С самых начал московского трамвая он тяготел к северу. Из двух открытых в 1886 году маршрутов — один по Воробьевым горам, другой от Бутырской заставы до Петровско-Разумовского — выжил лишь северный. И до сих пор во «второй Москве» трамвай — почти экзотика, а там, где он все же бегает долгие перегоны и разреженные пейзажи неизбежно влекут за собой сумрачные видения ополоумевших вагонов не то по Гумилеву, не то по Кушнеру. Одиннадцатый, не выказывая и тени сходства со знаменитыми сумасшедшими трамваями, не блуждая в «бездне времен» и не транспортируя «уснувших навек», незамысловато разрезал «первую Москву» по половине хорды ее внешней границы, наполняясь ее особым людом.
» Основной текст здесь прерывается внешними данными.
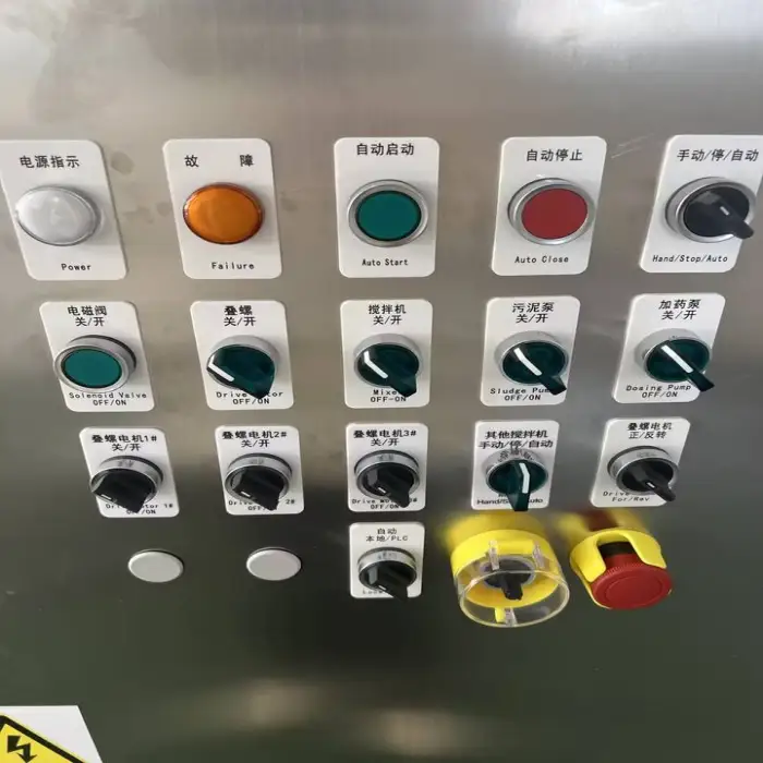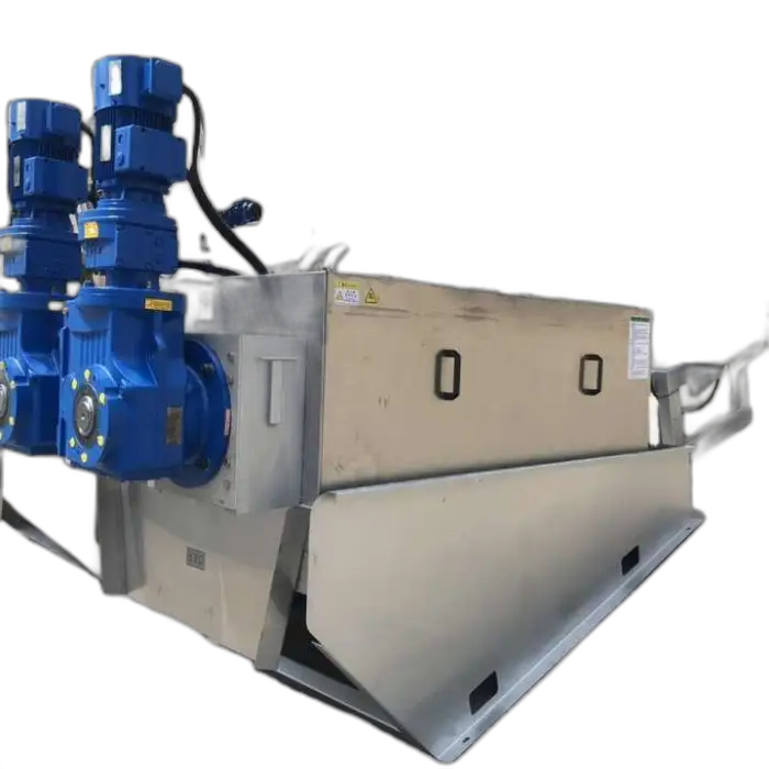 The machine requires electrical power for the motor(s), PLC control, and any auxiliary pumps. It may also require a conditioned water supply for washdown and a polymer dosing system (if used). Concrete or steel support capable of bearing the 2000 kg unit plus dynamic loads is recommended. Exact electrical ratings and utility needs are provided on the technical datasheet/nameplate.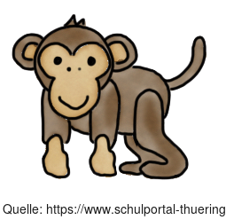 Das Bild zeigt einen gezeichneten Affen. Das Bild ist unter CC0 lizenziert und kann somit frei verwendet werden. Es ist neben weiteren Bildern auch hier zu finden: https://moodlelab.moodleschule.de/
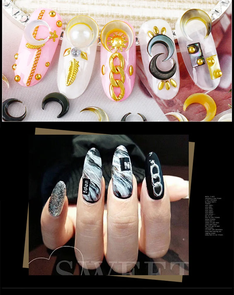 Золотые, серебристые, черные заклепки, 3D украшения для ногтей, металлические шпильки, цепь, скрученные кольца для дизайна ногтей, советы, аксессуары для самостоятельного маникюра

Аборигены и просто насельники этой Москвы отличаются от антиподов. Они попроще своих визави; они непретенциозны; они патриархальны; для них понятия «центр — окраина» — фикция; они потомственные пролетарии и/или разночинцы; даже меняя квартиру, они все равно оказываются в своей Москве; они, как минимум два раза в год, посещают «своих» на «своем» кладбище (Останкинское, Лазаревское, Семеновское, Николо-Архангельское, Преображенское, Рогожское, Перовское…); у них не текут краны в кухнях и ванных; они не любят ездить в «другую» Москву; нередко имеют дачку — «по Казанке», «по Ярославке», «по старой Рязанке»; они моют окна «под октяпьские» и «на Пасху», а если Пасха уж очень поздняя — то «под майские»; у них дома непременно есть электродрель, упертая со службы или купленная за копейки у оголодавшего солдатика из стройбата; их женщины любят сериалы, а дочери — жуткие стихи; они по праздникам варят студень, называя его холодцом, а по будням — рассольник; они беззастенчиво сушат белье на балконах; они не просто знакомы с соседями, они все про них знают; они, обременяясь колясками, санками, велосипедами, термосами, лыжами, детьми, домочадцами, пивом, водкой, бутербродами, с патриотической регулярностью посещают парки культуры и отдыха своей Москвы — Сокольники, Останкино, Измайлово, Кусково и даже крошечное Перово…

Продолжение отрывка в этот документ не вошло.